(PROBLEM TO WORK ON):
Beginning at the line that contains "Fig.3 Front view of device(Slider off)" and finishing at the line that contains "Figure 4. Learning", output the data below exactly. Include both end lines and no pictures.

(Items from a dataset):
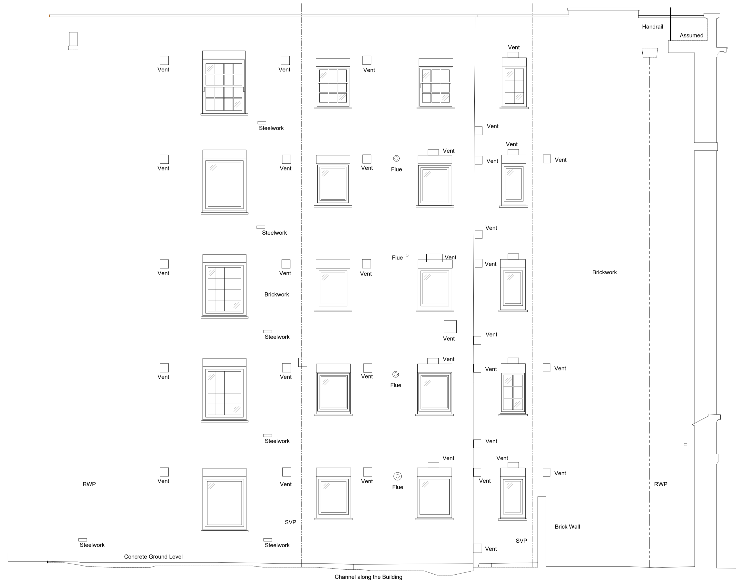
South West Facing Elevation Elevation 1
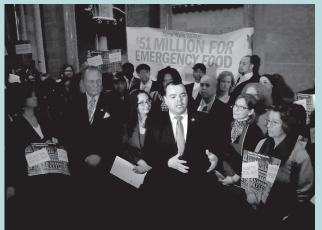
Assemblyman Crespo joins advocates from throughout the state to call for additional funding for emergency food programs.
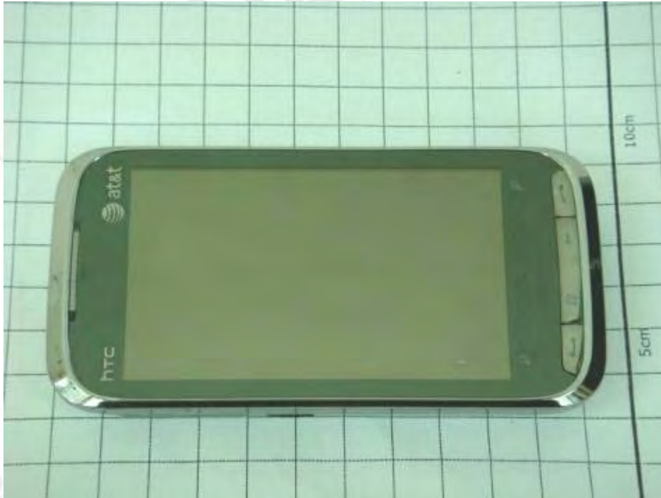
Fig.3 Front view of device(Slider off)
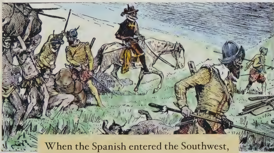
When the Spanish entered the Southwest, they forced the Indians to work for them.

Another huge change came when the Comanche Nation migrated south. Beginning in the early 1700s, they traveled from Wyoming to the southern Great Plains because they wanted to control the southern buffalo herds. Within a few decades, the Comanches drove the Plains Apaches from the area. In about 1724, the Comanches and Apaches fought a great battle on the Plains, which the Apaches lost. Most of the Plains Apaches were driven west, into the mountains of New Mexico. Only two Apache tribes were able to stay on the buffalo plains. The Lipan Apaches stayed south of the Comanches in Texas. The Kiowa-Apaches allied with the Kiowa tribe on the Great Plains.
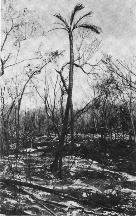
3. Pseudophoenix in the same locality as Fig. 2 after burning by man.
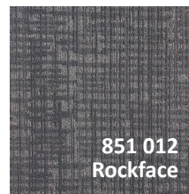
851 012 Rockface
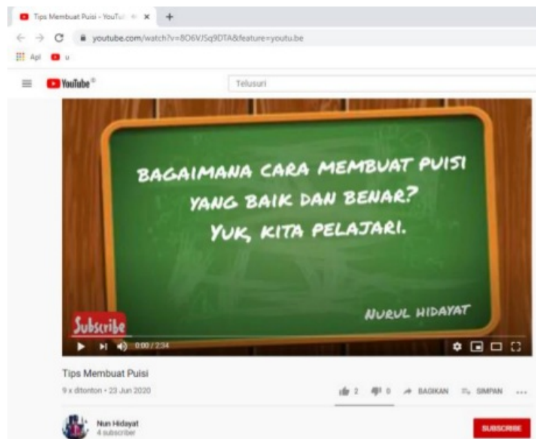
Figure 4. Learning Video about Tips on Making Poetry by Universitas Muhammadiyah Surabaya Students in YouTube

However, this is not perfect considering the immature preparation. As a result, lecturers have not directed students to learn certain video creation software applications; students still use various applications as in Table 3. That caused student abilities cannot be measured properly. In addition, based on the results of online interviews with several students, it is known that there are obstacles experienced by students when making learning videos to be uploaded on YouTube. They are students' lack of understanding related to the ratio of videos made, it causes the video which initially full screen turned to not full screen and the display looks unattractive. Misunderstanding in the operation of the application also becomes the biggest obstacle because some applications are only available for trial.
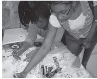
Students at Milwaukee Riverside High School personalized Journey for Justice shirts in memory of victims of gun violence.

One recent WAVE outreach activity was especially compelling. On March 25, we went to a health fair at Milwaukee Riverside High School to talk to students about their experiences with gun violence and to gather shirts for the Journey for Justice (front page).
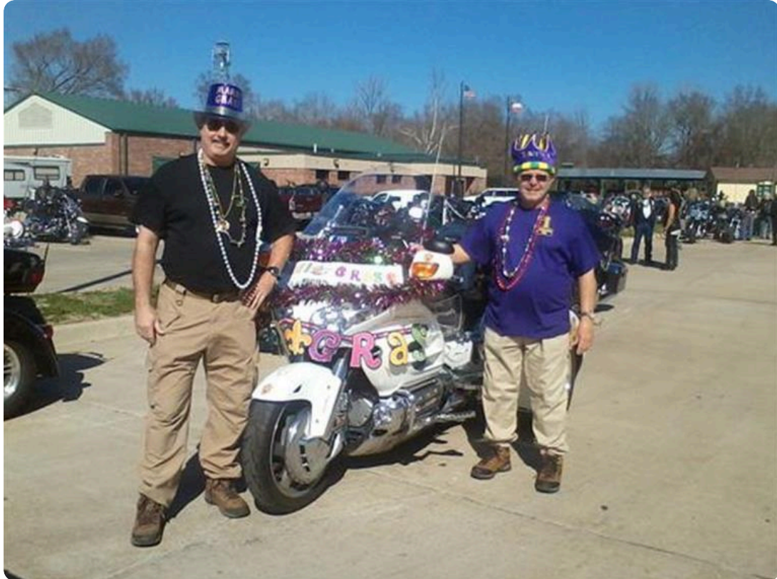
Mardi Gras Parade Jefferson, TX
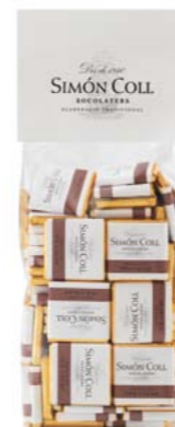
Napolitanas 70% 5g B100 Ref: 8754
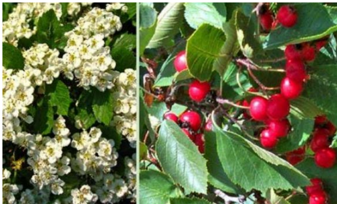
Native Washington Hawthorn tree

The native dogwoods and redbuds have put on an incredible show in Carderock for the last month. The cool weather extended the lovely white and purple blooms in yards and in our wooded areas. For May, look for the long, wavy, and scented white flowers of the native black cherry, and the white blooms of the less common Washington Hawthorn.
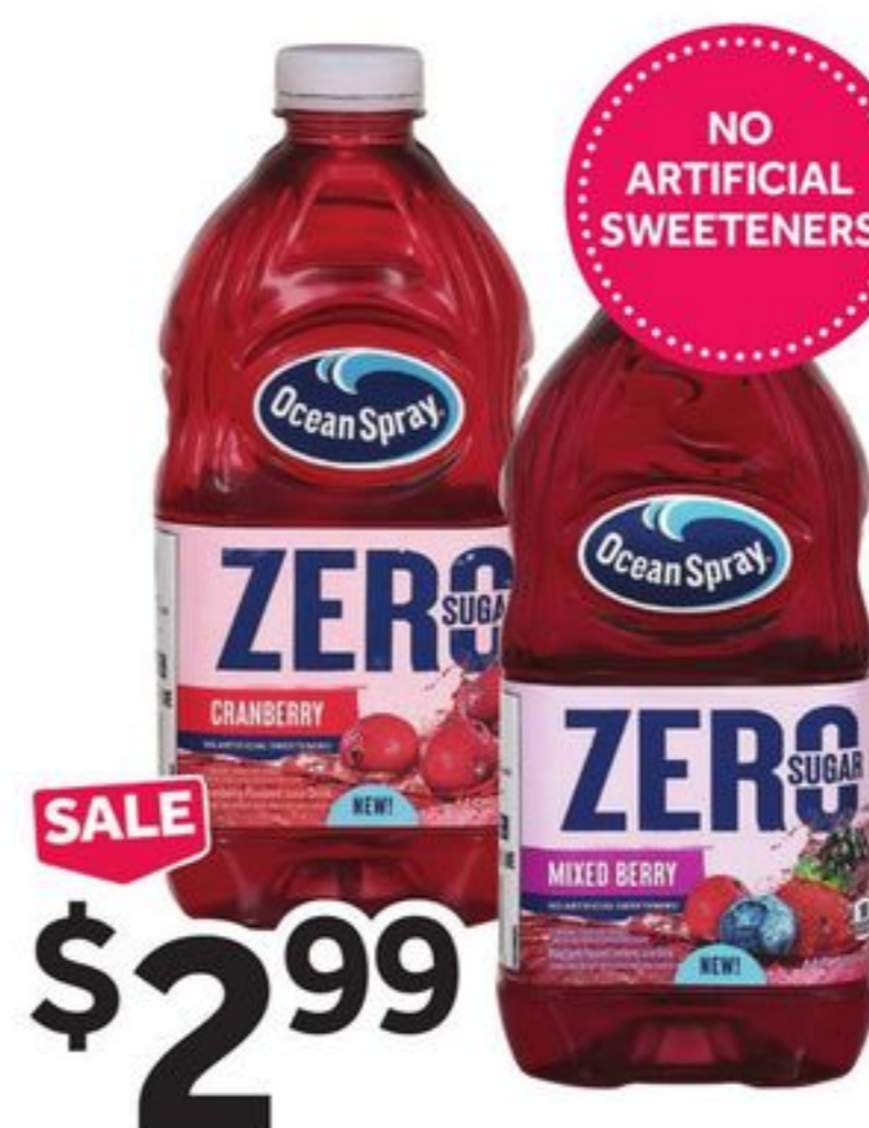
SALE $2.99 Ocean Spray Zero Sugar Juice Selected Varieties, 64 fl. oz. btl., Plus Deposit Where Applicable 6997505

(EXERCISE RESPONSE):
Fig.3 Front view of device(Slider off)
When the Spanish entered the Southwest, they forced the Indians to work for them.

Another huge change came when the Comanche Nation migrated south. Beginning in the early 1700s, they traveled from Wyoming to the southern Great Plains because they wanted to control the southern buffalo herds. Within a few decades, the Comanches drove the Plains Apaches from the area. In about 1724, the Comanches and Apaches fought a great battle on the Plains, which the Apaches lost. Most of the Plains Apaches were driven west, into the mountains of New Mexico. Only two Apache tribes were able to stay on the buffalo plains. The Lipan Apaches stayed south of the Comanches in Texas. The Kiowa-Apaches allied with the Kiowa tribe on the Great Plains.
3. Pseudophoenix in the same locality as Fig. 2 after burning by man.
851 012 Rockface
Figure 4. Learning Video about Tips on Making Poetry by Universitas Muhammadiyah Surabaya Students in YouTube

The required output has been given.